_Directions for this task_
Please repeat each line below exactly, with no images in the copy.
----- Stored data
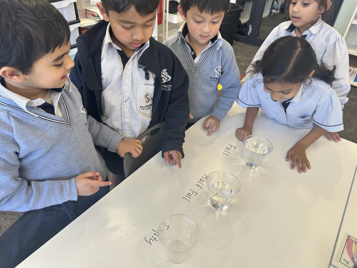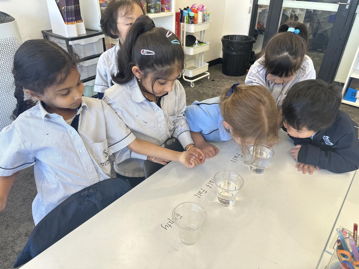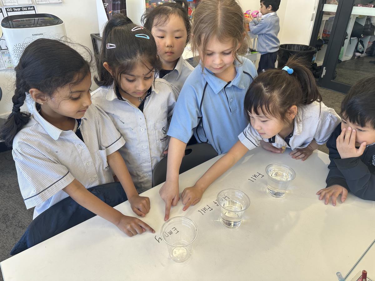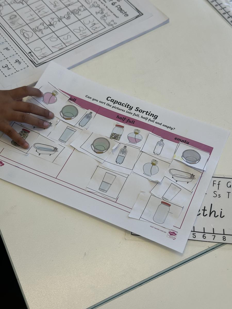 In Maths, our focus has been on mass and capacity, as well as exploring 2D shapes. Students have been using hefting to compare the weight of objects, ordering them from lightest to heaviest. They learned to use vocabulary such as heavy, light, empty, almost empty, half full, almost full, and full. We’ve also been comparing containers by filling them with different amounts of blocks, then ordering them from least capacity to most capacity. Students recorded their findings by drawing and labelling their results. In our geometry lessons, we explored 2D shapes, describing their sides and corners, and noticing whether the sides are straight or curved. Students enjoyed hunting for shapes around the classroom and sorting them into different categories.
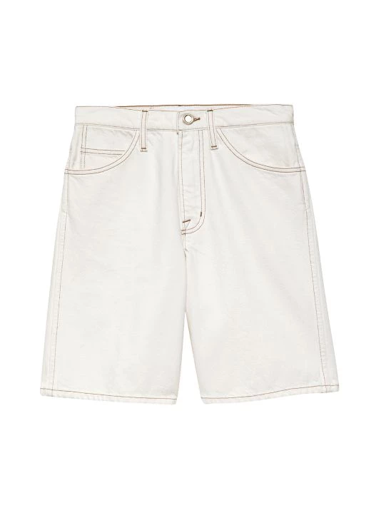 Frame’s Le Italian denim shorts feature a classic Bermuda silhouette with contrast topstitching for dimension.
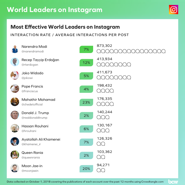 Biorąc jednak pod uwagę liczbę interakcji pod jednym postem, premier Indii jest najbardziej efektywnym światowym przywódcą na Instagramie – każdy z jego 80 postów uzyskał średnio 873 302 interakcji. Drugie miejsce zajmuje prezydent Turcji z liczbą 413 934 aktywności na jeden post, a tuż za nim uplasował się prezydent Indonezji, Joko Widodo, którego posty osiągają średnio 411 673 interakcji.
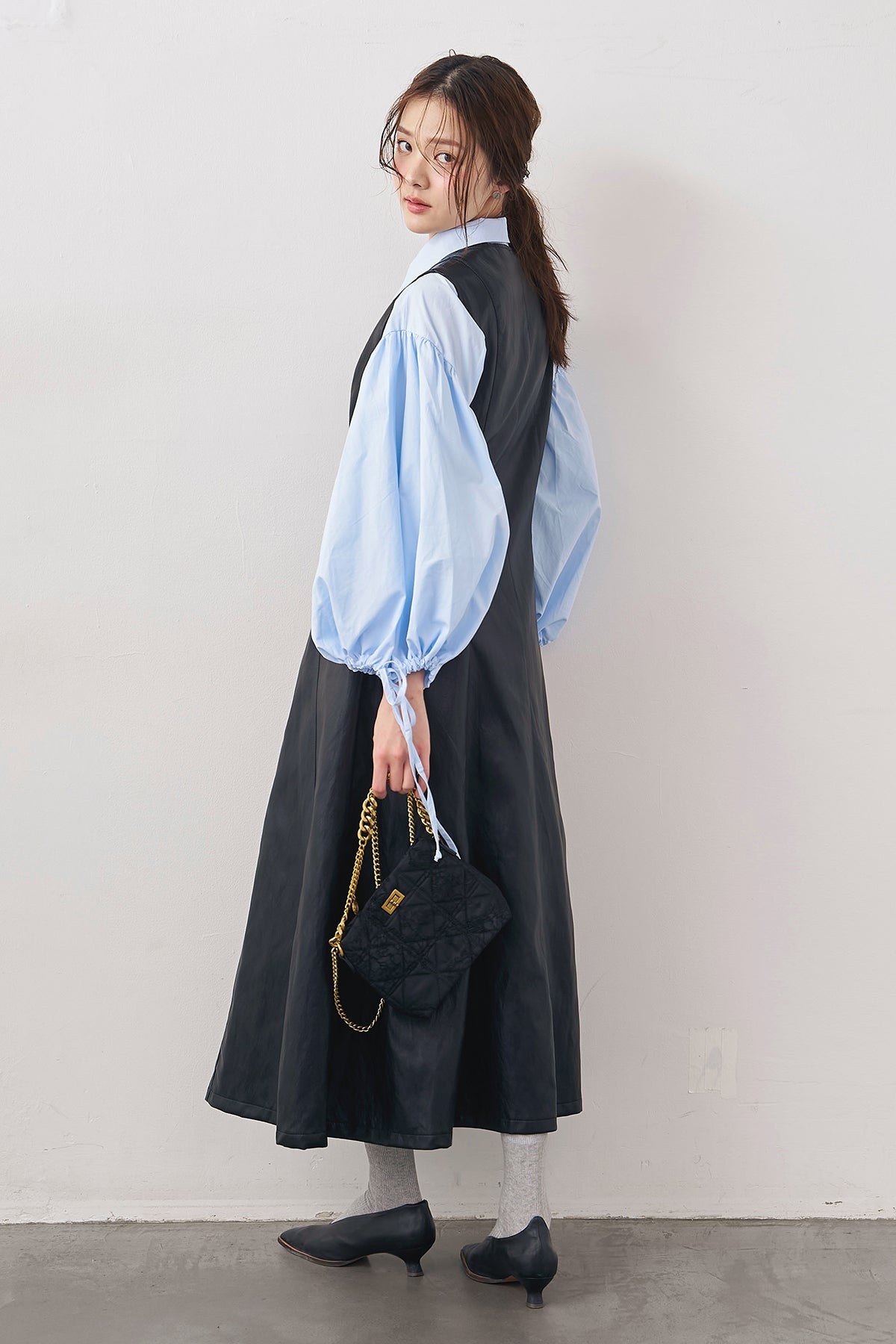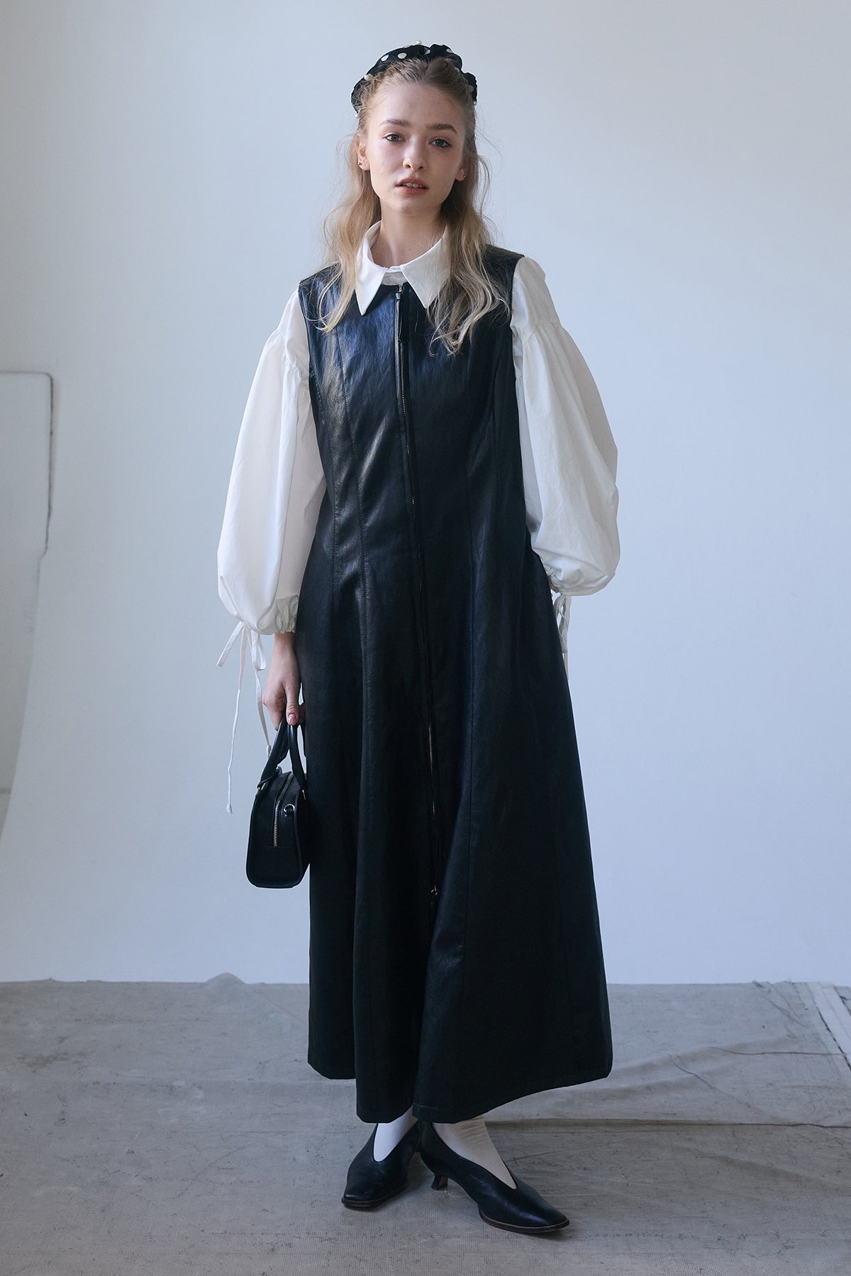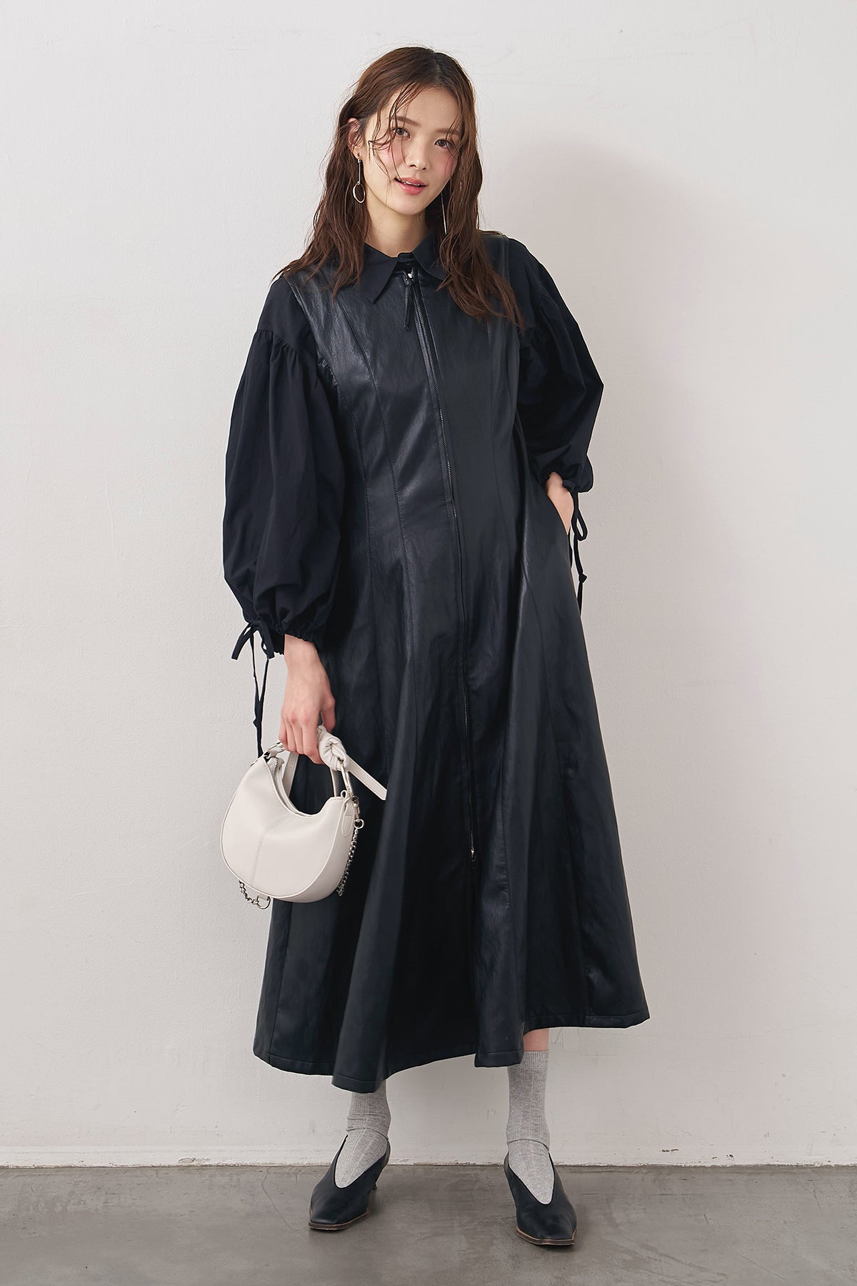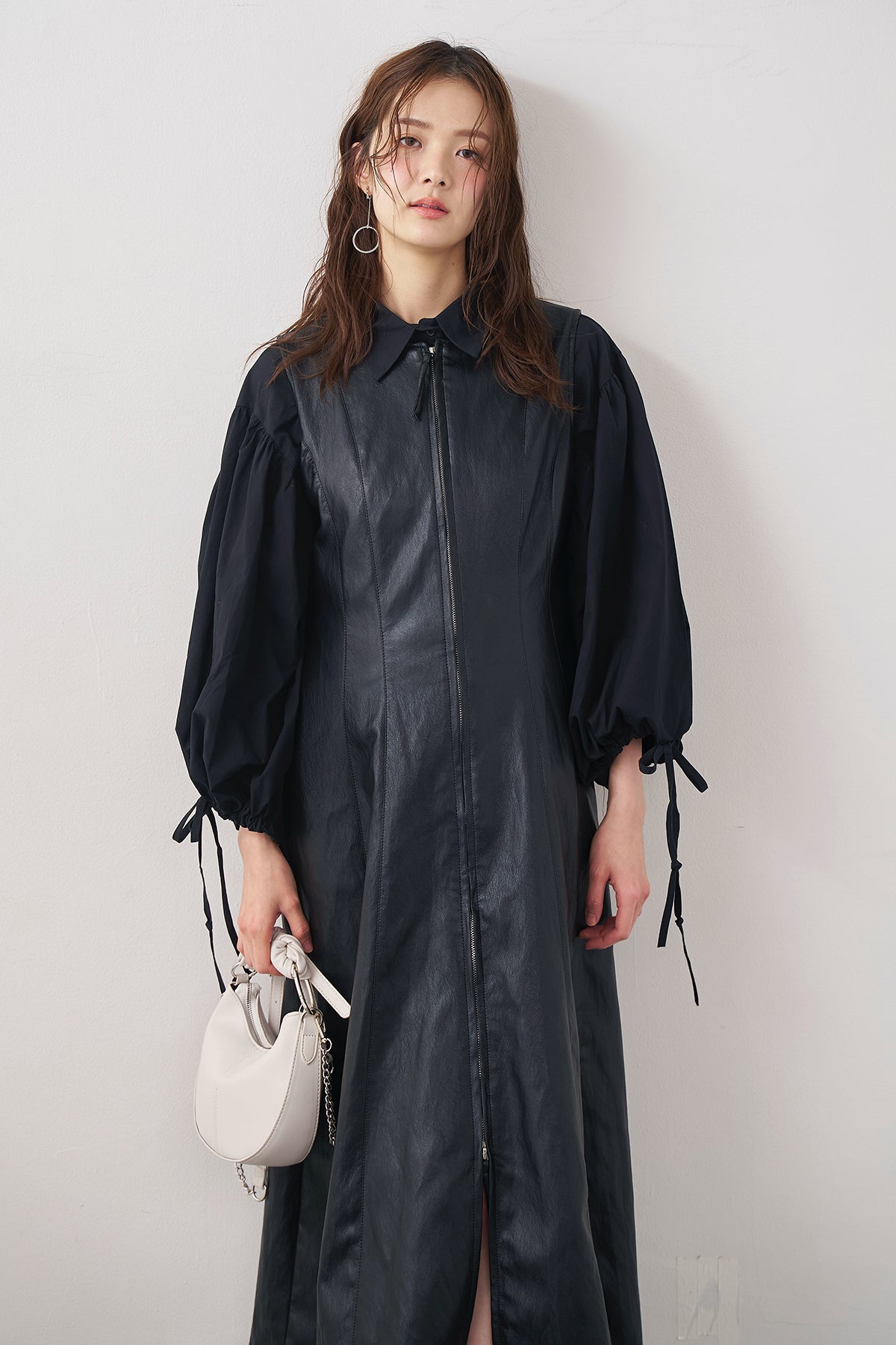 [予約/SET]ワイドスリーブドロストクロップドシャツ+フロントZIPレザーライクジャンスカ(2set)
----------
_Written answer_
 In Maths, our focus has been on mass and capacity, as well as exploring 2D shapes. Students have been using hefting to compare the weight of objects, ordering them from lightest to heaviest. They learned to use vocabulary such as heavy, light, empty, almost empty, half full, almost full, and full. We’ve also been comparing containers by filling them with different amounts of blocks, then ordering them from least capacity to most capacity. Students recorded their findings by drawing and labelling their results. In our geometry lessons, we explored 2D shapes, describing their sides and corners, and noticing whether the sides are straight or curved. Students enjoyed hunting for shapes around the classroom and sorting them into different categories.
 Frame’s Le Italian denim shorts feature a classic Bermuda silhouette with contrast topstitching for dimension.
 Biorąc jednak pod uwagę liczbę interakcji pod jednym postem, premier Indii jest najbardziej efektywnym światowym przywódcą na Instagramie – każdy z jego 80 postów uzyskał średnio 873 302 interakcji. Drugie miejsce zajmuje prezydent Turcji z liczbą 413 934 aktywności na jeden post, a tuż za nim uplasował się prezydent Indonezji, Joko Widodo, którego posty osiągają średnio 411 673 interakcji.
 [予約/SET]ワイドスリーブドロストクロップドシャツ+フロントZIPレザーライクジャンスカ(2set)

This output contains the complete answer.